1. Registrant undertakes to suspend the offering of shares
until the prospectus is amended, if subsequent to the effective
date of this registration statement, its net asset value
declines more than ten percent from its net asset value, as of
the effective date of the registration statement or its net
asset value increases to an amount greater than its net proceeds
as stated in the prospectus.
2. Not applicable.
3. Not applicable.
4. Registrant hereby undertakes:
(a) to file, during and period in which offers or sales are
being made, a post-effective amendment to this Registration
Statement:
(1) to include any prospectus required by
Section 10(a)(3) of the Securities Act of 1933;
(2) to reflect in the prospectus any facts or events after
the effective date of the Registration Statement (or the most
recent post-effective amendment thereof) which, individually or
in the aggregate, represent a fundamental change in the
information set forth in the Registration Statement; and
(3) to include any material information with respect to the
plan of distribution not previously disclosed in the
Registration Statement or any material change to such
information in the Registration Statement.
(b) that for the purpose of determining any liability under
the Securities Act of 1933 (the 1933 Act), each
post-effective amendment shall be deemed to be a new
registration statement relating to the securities offered
therein, and the offering of such securities at that time shall
be deemed to be the initial bona fide offering thereof;
(c) to remove from registration by means of a
post-effective amendment any of the securities being registered
which remain unsold at the termination of the offering; and
(d) that, for the purpose of determining liability under
the 1933 Act to any purchaser, if the Registrant is subject
to Rule 430C: Each prospectus filed pursuant to
Rule 497(b), (c), (d) or (e) under the
1933 Act as part of a registration statement relating to an
offering, other than prospectuses filed in reliance on
Rule 430A under the 1933 Act shall be deemed to be
part of and included in the registration statement as of the
date it is first used after effectiveness. Provided, however,
that no statement made in a registration statement or
prospectus
that is part of the registration or made in a document
incorporated or deemed incorporated by reference into the
registration statement or prospectus that is part of the
registration statement will, as to a purchaser with a time of
contract of sale prior to such first use, supersede or modify
any statement that was made in the registration statement or
prospectus that was part of the registration statement or made
in any such document immediately prior to such date of first use.

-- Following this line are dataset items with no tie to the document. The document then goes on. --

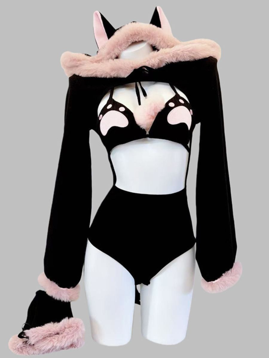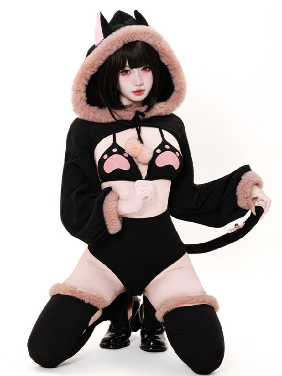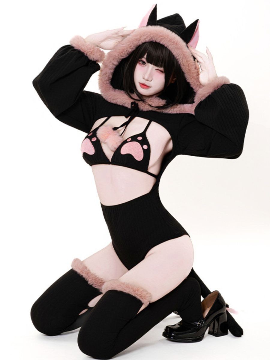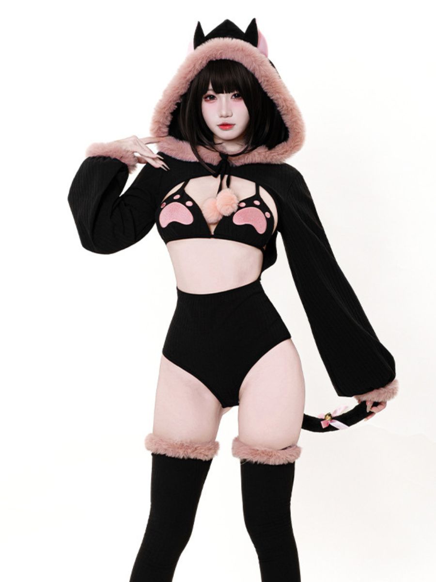Design: Black hooded with cat ear and tail Bodysuit add the cosplay set’s cute. Velcro crotch teddy lingerie design makes your body partly hidden and partly visible, add a kind of mysterious and charming feeling. It's easier to get your lover's attention.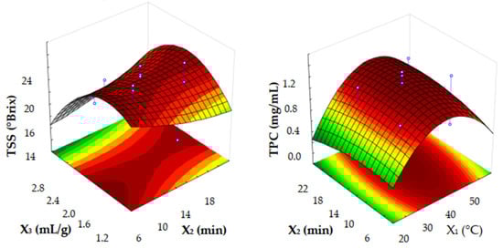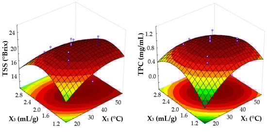 The linear and quadratic terms of X3 was the most significant factor influencing the extraction of both TSS and TPS, as demonstrated by the high values of regression coefficients associated with the linear and quadratic terms (see Equations (1) and (2)). When this factor ranged from 1 to 3 mL/g due to the volume variation, an increment of TSS and TPC were generally observed up to a maximum of around 2 mL/g, as illustrated by the response surfaces, which were generated based on the acquired polynomial equations (Figure 3). It is worth noting that this finding could be interpretable in disagreement with the literature reports, which state how an increase of the solvent–solid ratio generally results in better swelling of plant material, thus enhancing the mass transfer of soluble solids and polyphenols and, consequently, the yield of extraction [13,22]. Instead, as was also noted by Petit and Pinilla [20], the sugar extraction is more efficient as the water–kernel ratio increases, but at the same time, the sugar concentration measured decreases due to dilution.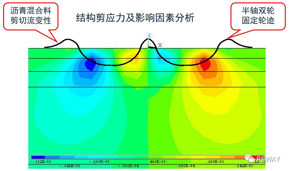 對于公路來講,不會象城市道路那樣出現(xiàn)過多制動與起車,因而水平荷載要小得多,考慮車輛行車荷載的滾動摩阻力。但對于山區(qū)高速公路或者縱坡較大、坡度超長路段應(yīng)考慮車輛荷載的水平分量所產(chǎn)生的路表剪應(yīng)力。目前瀝青路面抗剪強(qiáng)度設(shè)計(jì)指標(biāo)的研究尚不成熟,未列入本次規(guī)范修訂的內(nèi)容。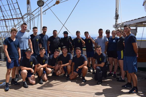 După masa de dimineață, programul zilnic al cadeților continuă cu o nouă sesiune de antrenament cu bărcile 10+1, urmată de un mic exercițiu de abandon al navei, care dă șansa echipajului să se răcorească în apa de o limpezime perfectă a Mării Ionice.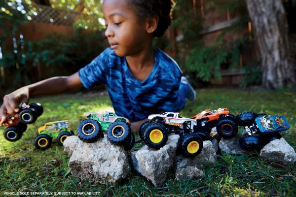 The Hot Wheels® Monster Trucks 1:64 Scale Demolition Doubles™ trucks stand by to smash their arch-rivals! These two-packs of Monster Trucks squaring-off for epic crash attacks are purposely paired for head-to-head battles with their GIANT wheels and big personalities! Every package includes two opponents and the package provides stats for each including name, truck type, strength, unique crash attack and motor-vation for great storytelling fun! Each sold separately, subject to availability. Colors and decorations may vary.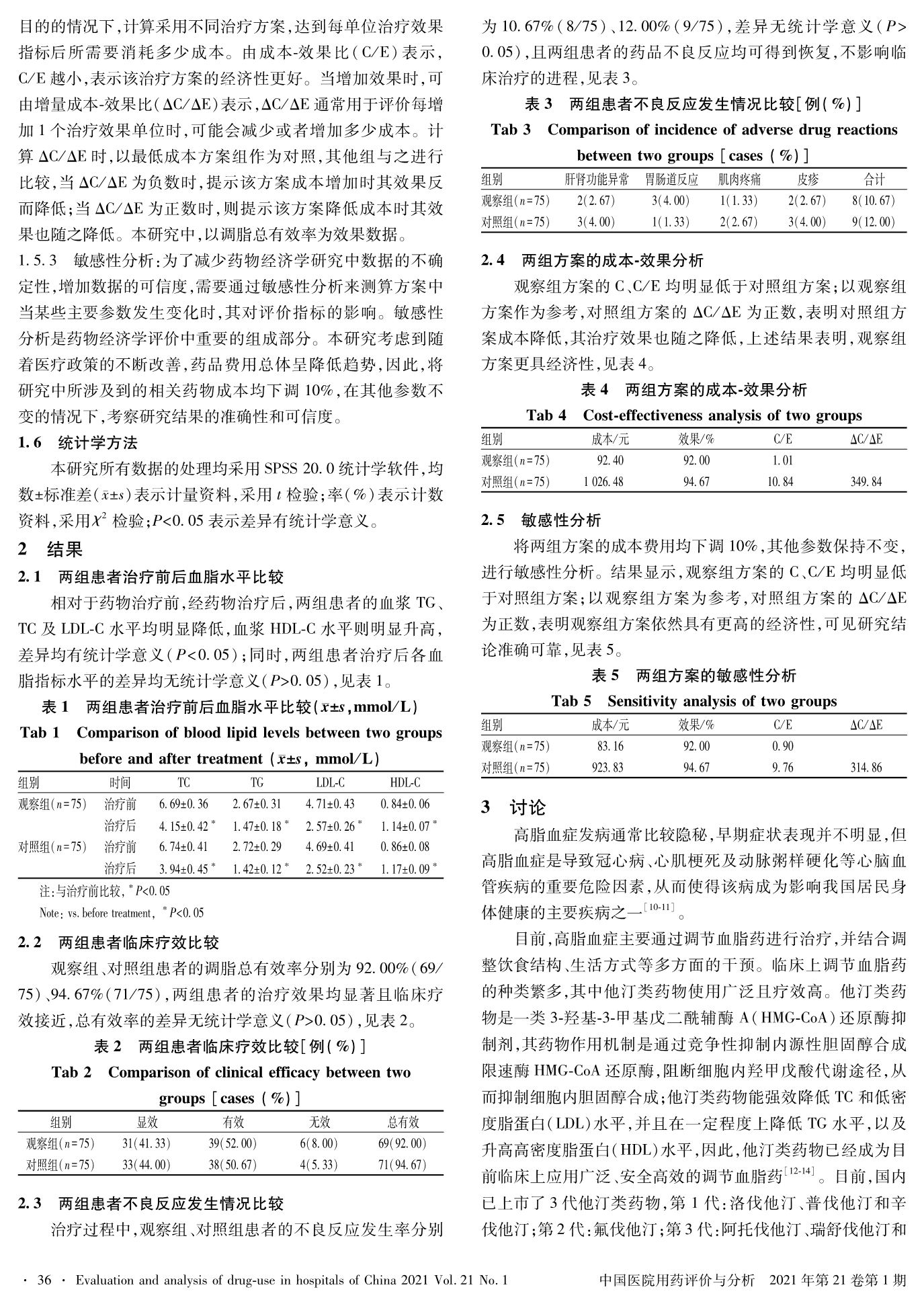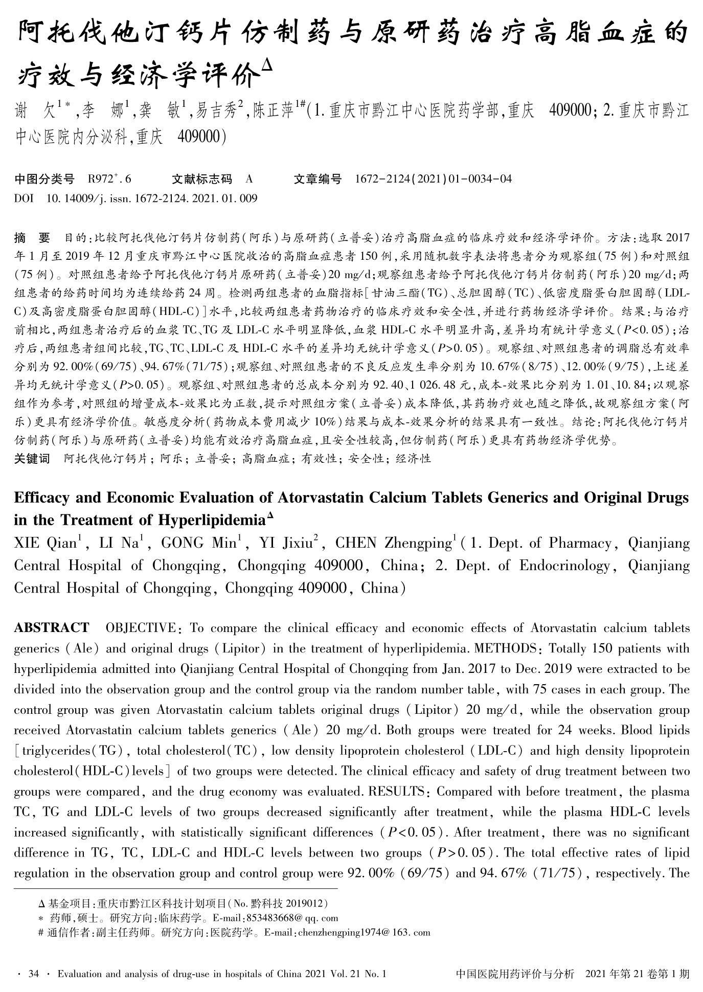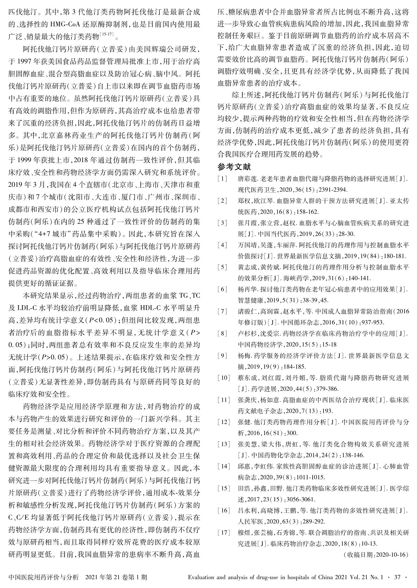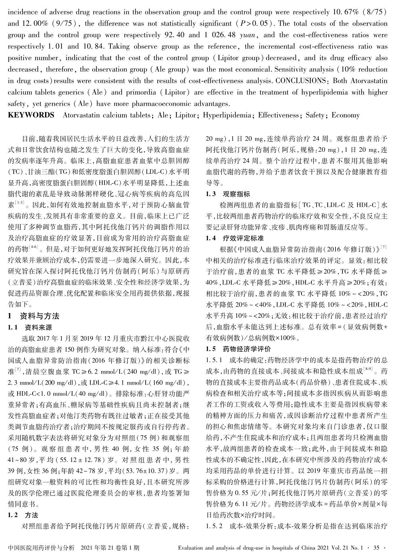 阿托伐他汀钙片仿制药与原研药治疗高脂血症的疗效与经济学评价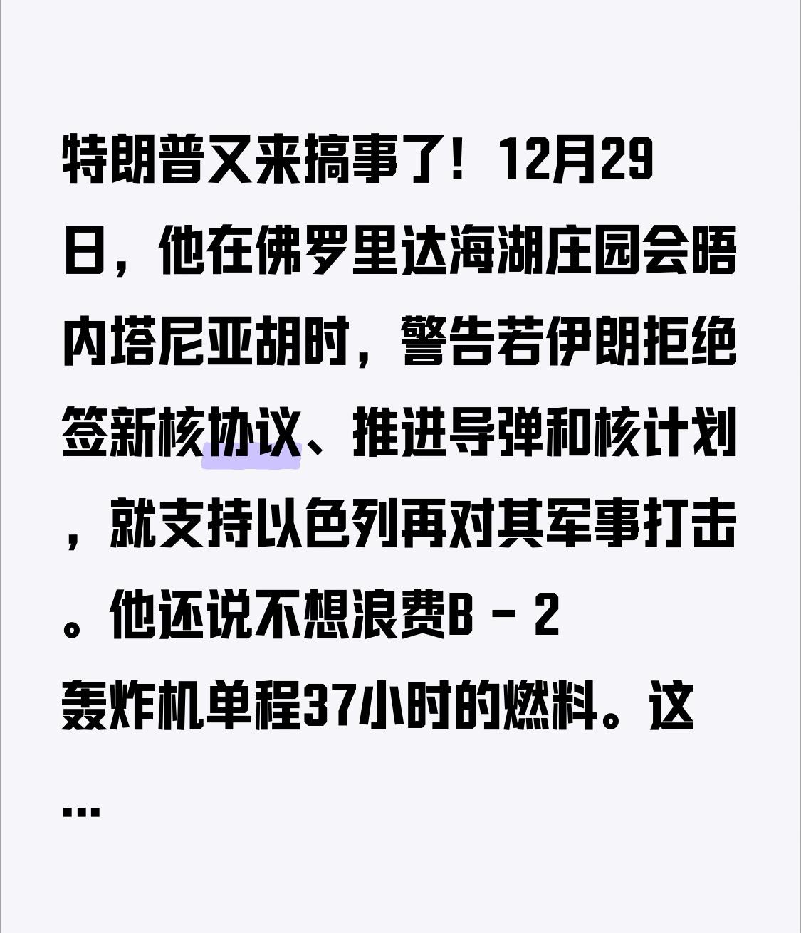 特朗普又来搞事了!12月29日,他在佛罗里达海湖庄园会晤内塔尼亚胡时,警告若伊朗拒绝签新核协议、推进导弹和核计划,就支持以色列再对其军事打击。他还说不想浪费B - 2轰炸机单程37小时的燃料。这话说得,好像多心疼燃料似的。 今年6月美以就轰炸过伊朗核设施,虽说停火了,但外交解决冲突希望渺茫。以色列觉得伊朗导弹和核计划威胁国家安全,伊朗也没闲着在重建导弹库。特朗普这一警告,估计又要让中东局势紧张起来,不知道后续会怎么发展,真是让人捏把汗。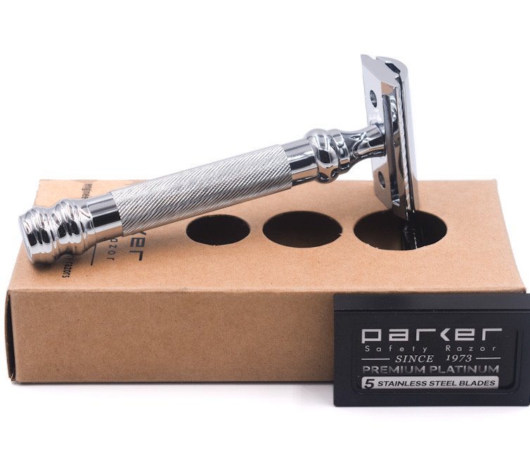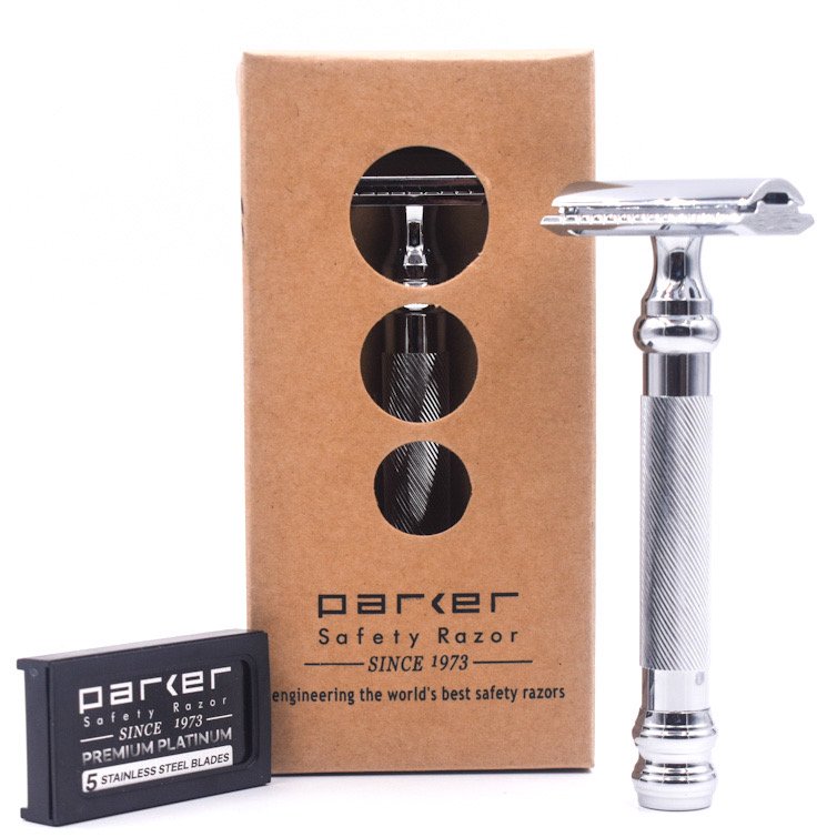 The Parker 98R is a Super Heavyweight 3-piece double edge safety razor. It has a wonderful heft and its knurled handle make it terrific for use with wet and soapy hands. Parker’s famous 3-piece razor head delivers an excellent shave – both close and comfortable — it ensures precise blade allignment.

(e) that for the purpose of determining liability of the
Registrant under the 1933 Act to any purchaser in the
initial distribution of securities:
The undersigned Registrant undertakes that in a primary offering
of securities of the undersigned Registrant pursuant to this
registration statement, regardless of the underwriting method
used to sell the securities to the purchaser, if the securities
are offered or sold to such purchaser by means of any of the
following communications, the undersigned Registrant will be a
seller to the purchaser and will be considered to offer or sell
such securities to the purchaser:
(1) any preliminary prospectus or prospectus of the
undersigned Registrant relating to the offering required to be
filed pursuant to Rule 497 under the 1933 Act.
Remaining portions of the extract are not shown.